Anyway, Darren found himself in San Francisco, plugging his pop music on a radio show. A gaggle of girls turned violent.
"They broke down the plate-glass window and pulled me out on the sidewalk," Darren told the Newhouse News Service in 1983. "They… started to rip my clothes off, screaming all the time. I remember lying there out on the street on my back and looking up at all those faces in the sky."
He was hardly traumatized.
"And know what?" Darren confessed. "I loved it. Loved it!"
What many of them did not know — and what you might not know — is that "Darren" is not the man's real name. He was born James Ercolani, an Italian-American kid in Philadelphia. He started performing at the age of 12, belting tunes at bar mitzvahs and weddings around Philly. Once he got a little older, he began commuting to New York City on a motorcycle to take acting lessons.

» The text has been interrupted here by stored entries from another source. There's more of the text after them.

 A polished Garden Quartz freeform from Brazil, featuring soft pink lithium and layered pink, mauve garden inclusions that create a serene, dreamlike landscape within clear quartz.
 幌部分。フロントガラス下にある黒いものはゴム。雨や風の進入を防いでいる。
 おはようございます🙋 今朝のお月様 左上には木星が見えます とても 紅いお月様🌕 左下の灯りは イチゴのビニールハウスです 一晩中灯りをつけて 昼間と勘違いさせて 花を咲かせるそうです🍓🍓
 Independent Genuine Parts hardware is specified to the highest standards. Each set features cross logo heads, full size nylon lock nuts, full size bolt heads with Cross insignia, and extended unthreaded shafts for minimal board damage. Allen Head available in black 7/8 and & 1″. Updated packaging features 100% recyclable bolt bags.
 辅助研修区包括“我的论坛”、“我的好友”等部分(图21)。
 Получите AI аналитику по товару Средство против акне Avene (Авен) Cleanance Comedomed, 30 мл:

"Ercolani admired a failed car from the '40s and adopted its name," that 1983 newspaper profiled explained.
That car would be the "Darrin," the convertible sports car with the curved doors produced by Packard in the early 1940s. The cool ride was named for its designer, Howard A. "Dutch" Darrin. It might be unfair to call it a "failed" car, as production was stopped due to World War II.

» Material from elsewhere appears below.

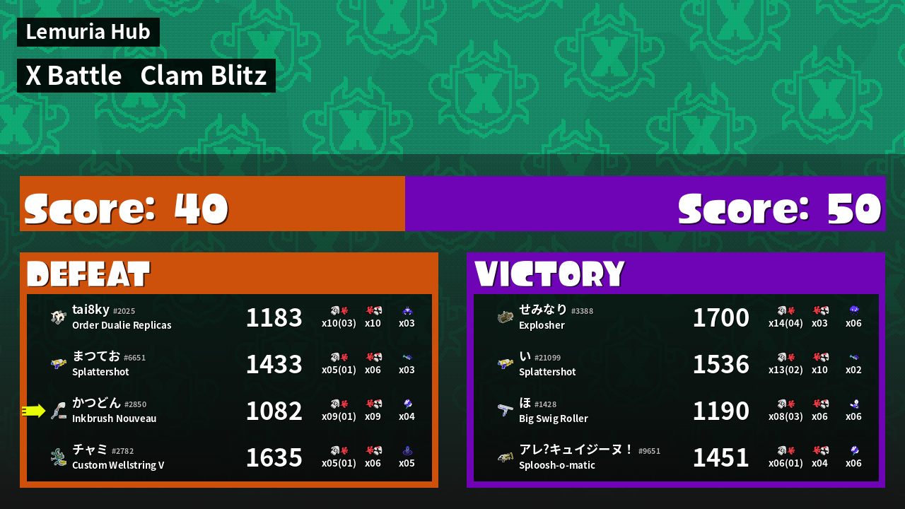 | Medals | #1 Score Booster #1 Enemy Splatter #1 Clam Stopper |
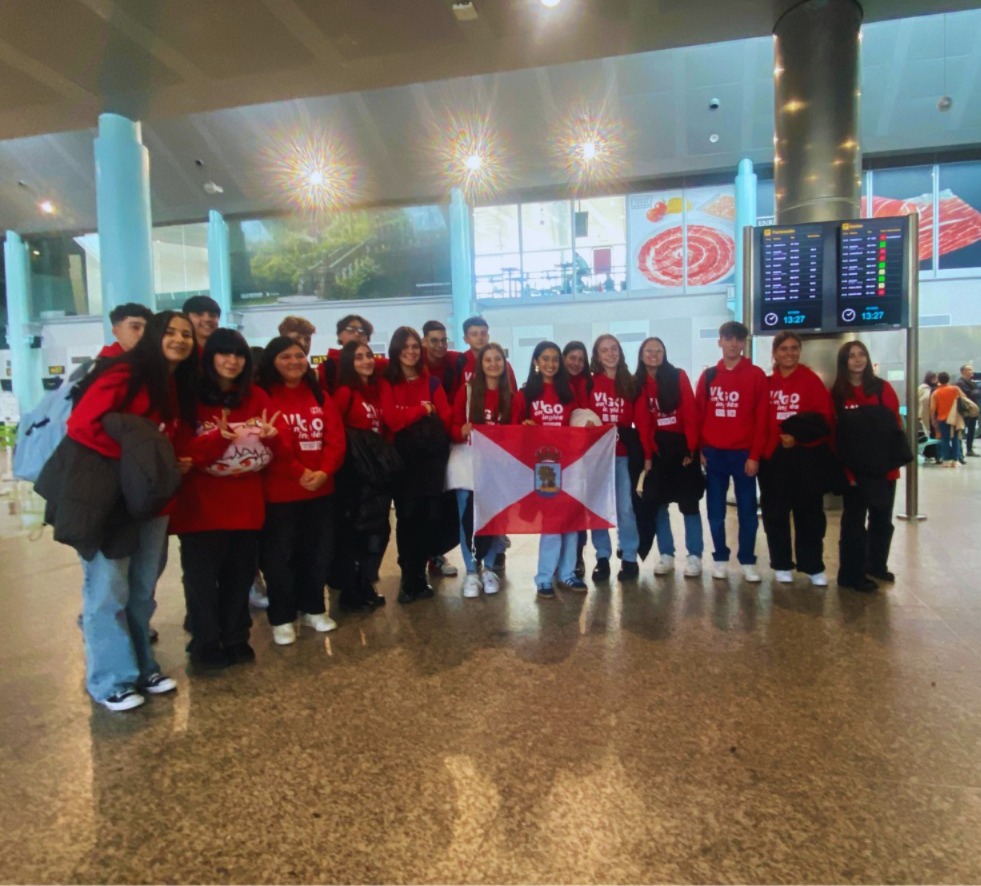 Comenzando con la aventura en el aeropuerto, ¡fue todo un espectáculo! Había un montón de asientos disponibles en el avión, ¡pero nosotros ocupamos la mayoría! Nos juntamos con compañeros de cuatro destinos en Inglaterra: Swansea, Devon, Oxford y Kidlington. Tuvimos un pequeño retraso en el embarque, ¡pero como éramos los del programa Vigo en Inglés, tuvieron que esperarnos! ¡Qué paciencia la de la tripulación! Aquí les dejo una fotito del grupo, ¡mirad qué guapos/as estamos!

Darren parleyed his teen idol status into television stardom. In 1966, he landed a lead role in The Time Tunnel, a history-hopping sci-fi adventure from Lost in Space creator Irwin Allen. Oddly, it would be his only major TV role for 16 years, until he joined the cast of T.J. Hooker. That is why newspapers were again profiling him in 1983.

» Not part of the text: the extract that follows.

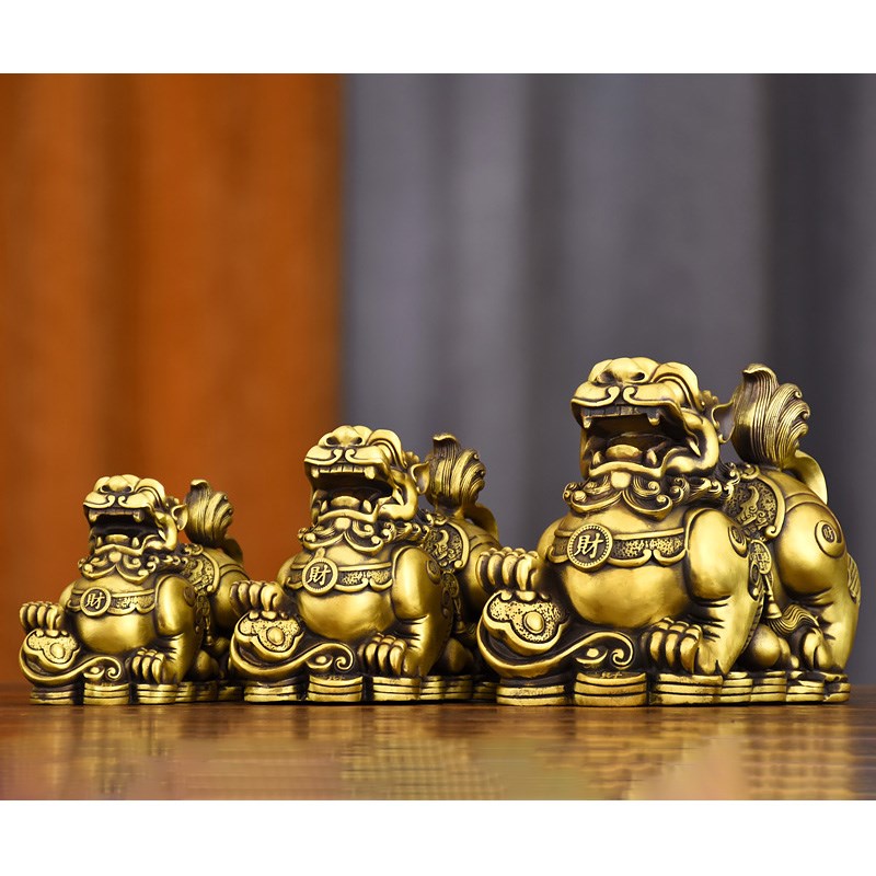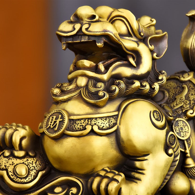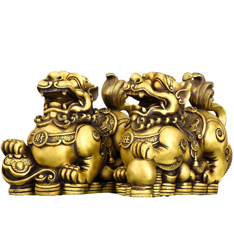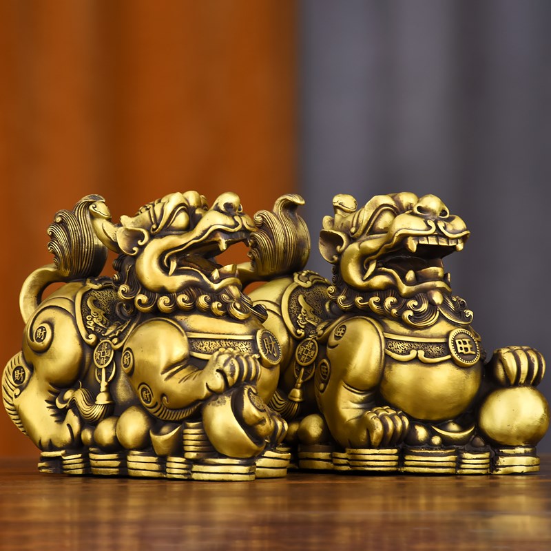 纯黄铜貔貅摆件大小号一对公母家居办公室工艺品店铺开业礼品车载

So what happened in the gap?
"I got a lot of film offers after Time Tunnel, but they were all things I didn't want to do," he explained. "I hit the nightclubs and never looked back."
By "hit the nightclubs," he means crooning for the cocktail crowd, singing oldies. "Some of it's time warp stuff, sure," he admitted, in a funny, unconscious reference to his time a TV time traveler. "Why not? That's what people remember. That's why I'm there."